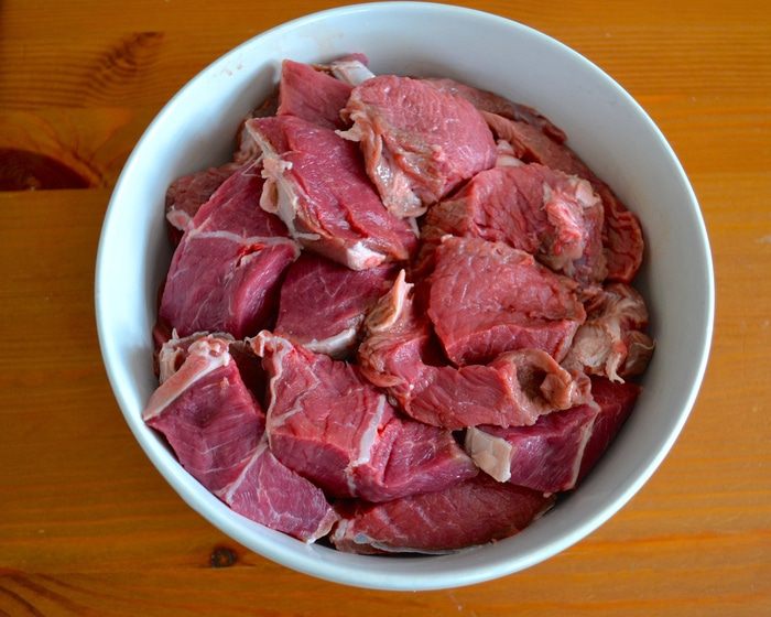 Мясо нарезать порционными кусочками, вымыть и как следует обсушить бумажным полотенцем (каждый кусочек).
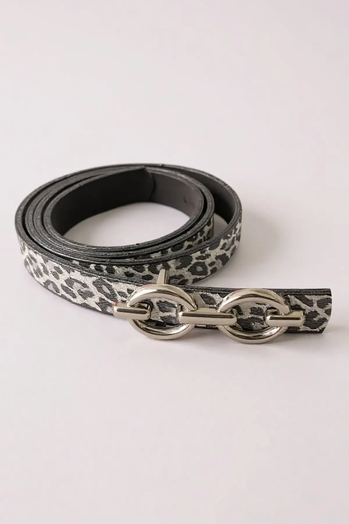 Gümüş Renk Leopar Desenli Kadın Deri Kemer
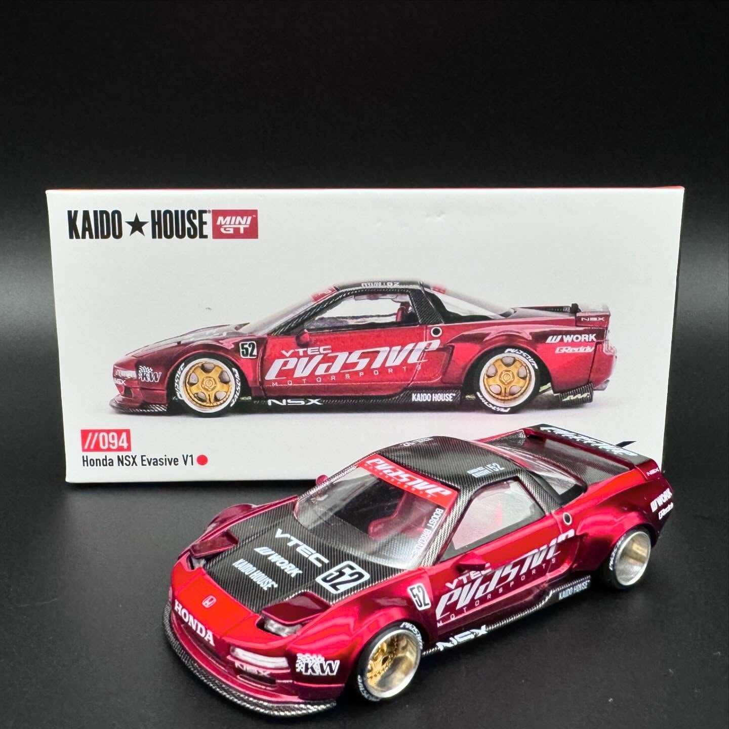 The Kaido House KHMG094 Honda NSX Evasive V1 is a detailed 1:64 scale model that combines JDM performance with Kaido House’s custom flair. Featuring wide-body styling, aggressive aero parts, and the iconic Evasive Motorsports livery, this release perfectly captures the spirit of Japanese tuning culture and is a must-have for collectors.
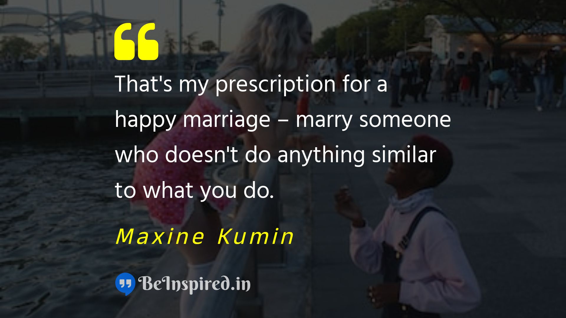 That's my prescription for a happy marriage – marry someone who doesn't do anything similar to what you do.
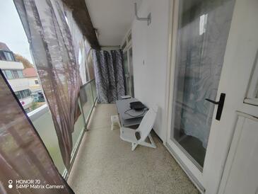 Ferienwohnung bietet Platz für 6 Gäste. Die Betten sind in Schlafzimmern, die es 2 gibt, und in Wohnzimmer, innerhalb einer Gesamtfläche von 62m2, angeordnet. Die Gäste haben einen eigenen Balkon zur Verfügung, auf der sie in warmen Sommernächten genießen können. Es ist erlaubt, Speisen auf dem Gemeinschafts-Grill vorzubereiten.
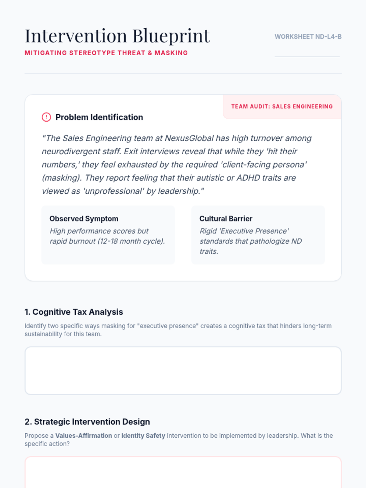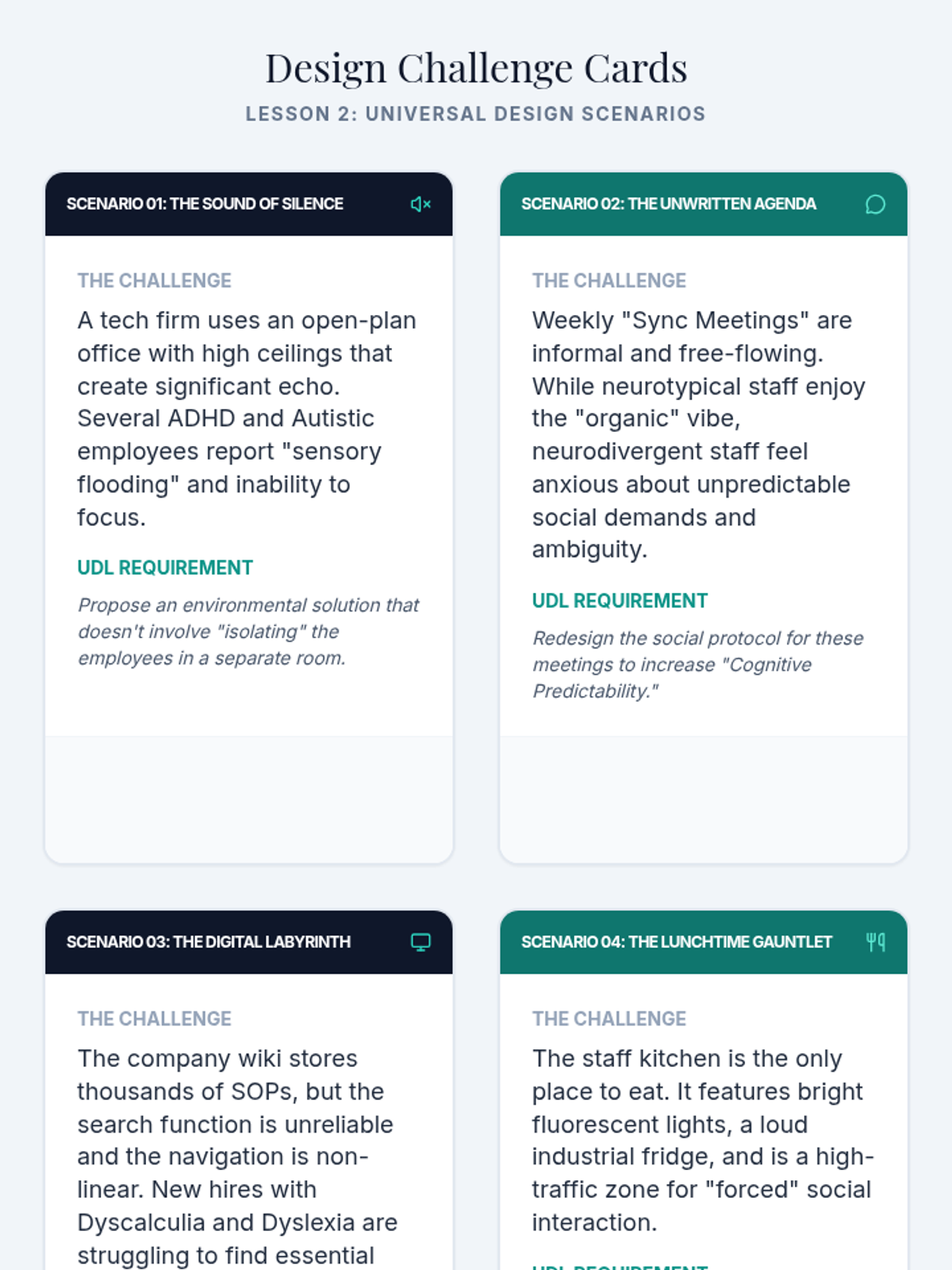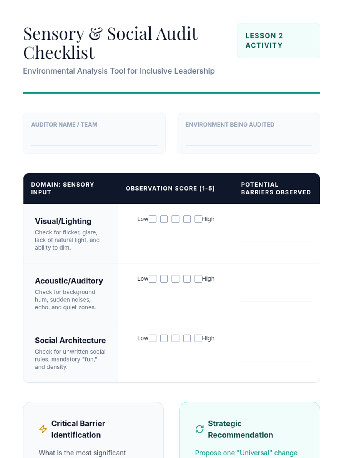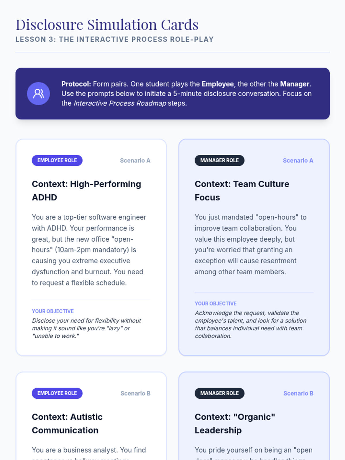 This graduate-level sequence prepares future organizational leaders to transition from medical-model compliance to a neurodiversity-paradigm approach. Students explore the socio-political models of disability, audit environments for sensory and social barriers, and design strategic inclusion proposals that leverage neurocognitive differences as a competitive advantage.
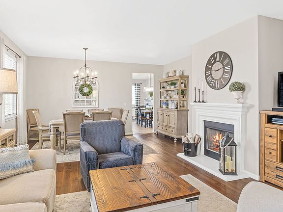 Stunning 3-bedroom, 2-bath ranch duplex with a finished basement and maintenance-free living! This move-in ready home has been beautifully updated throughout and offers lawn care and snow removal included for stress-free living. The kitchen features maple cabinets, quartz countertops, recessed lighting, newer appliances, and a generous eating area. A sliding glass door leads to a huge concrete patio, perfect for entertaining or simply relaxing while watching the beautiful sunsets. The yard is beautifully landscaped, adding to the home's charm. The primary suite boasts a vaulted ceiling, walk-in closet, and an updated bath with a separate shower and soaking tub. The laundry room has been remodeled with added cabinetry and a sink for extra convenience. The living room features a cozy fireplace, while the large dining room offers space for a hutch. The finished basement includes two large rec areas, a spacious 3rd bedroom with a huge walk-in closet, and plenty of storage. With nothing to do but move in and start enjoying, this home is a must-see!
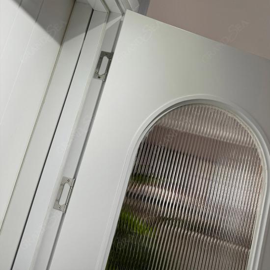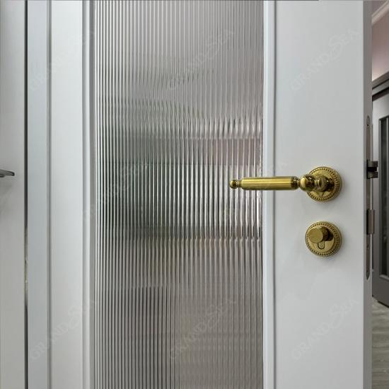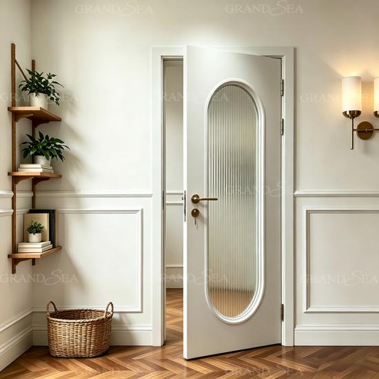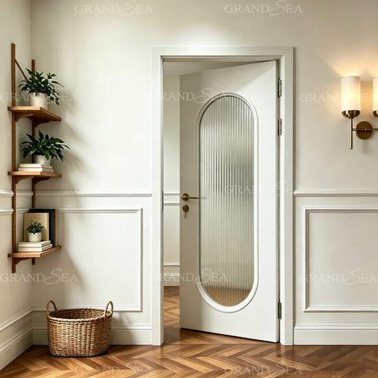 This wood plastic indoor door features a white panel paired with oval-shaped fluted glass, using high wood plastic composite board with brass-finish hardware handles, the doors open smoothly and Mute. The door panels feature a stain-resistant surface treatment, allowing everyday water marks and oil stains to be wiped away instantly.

....................

▶ _Problem to solve_
Copy out each line of the data exactly as it reads; skip the pictures.

▶ _Exercise result_
 Мясо нарезать порционными кусочками, вымыть и как следует обсушить бумажным полотенцем (каждый кусочек).
 Gümüş Renk Leopar Desenli Kadın Deri Kemer
 The Kaido House KHMG094 Honda NSX Evasive V1 is a detailed 1:64 scale model that combines JDM performance with Kaido House’s custom flair. Featuring wide-body styling, aggressive aero parts, and the iconic Evasive Motorsports livery, this release perfectly captures the spirit of Japanese tuning culture and is a must-have for collectors.
 That's my prescription for a happy marriage – marry someone who doesn't do anything similar to what you do.
 Ferienwohnung bietet Platz für 6 Gäste. Die Betten sind in Schlafzimmern, die es 2 gibt, und in Wohnzimmer, innerhalb einer Gesamtfläche von 62m2, angeordnet. Die Gäste haben einen eigenen Balkon zur Verfügung, auf der sie in warmen Sommernächten genießen können. Es ist erlaubt, Speisen auf dem Gemeinschafts-Grill vorzubereiten.
 This graduate-level sequence prepares future organizational leaders to transition from medical-model compliance to a neurodiversity-paradigm approach. Students explore the socio-political models of disability, audit environments for sensory and social barriers, and design strategic inclusion proposals that leverage neurocognitive differences as a competitive advantage.
 Stunning 3-bedroom, 2-bath ranch duplex with a finished basement and maintenance-free living! This move-in ready home has been beautifully updated throughout and offers lawn care and snow removal included for stress-free living. The kitchen features maple cabinets, quartz countertops, recessed lighting, newer appliances, and a generous eating area. A sliding glass door leads to a huge concrete patio, perfect for entertaining or simply relaxing while watching the beautiful sunsets. The yard is beautifully landscaped, adding to the home's charm. The primary suite boasts a vaulted ceiling, walk-in closet, and an updated bath with a separate shower and soaking tub. The laundry room has been remodeled with added cabinetry and a sink for extra convenience. The living room features a cozy fireplace, while the large dining room offers space for a hutch. The finished basement includes two large rec areas, a spacious 3rd bedroom with a huge walk-in closet, and plenty of storage. With nothing to do but move in and start enjoying, this home is a must-see!
 This wood plastic indoor door features a white panel paired with oval-shaped fluted glass, using high wood plastic composite board with brass-finish hardware handles, the doors open smoothly and Mute. The door panels feature a stain-resistant surface treatment, allowing everyday water marks and oil stains to be wiped away instantly.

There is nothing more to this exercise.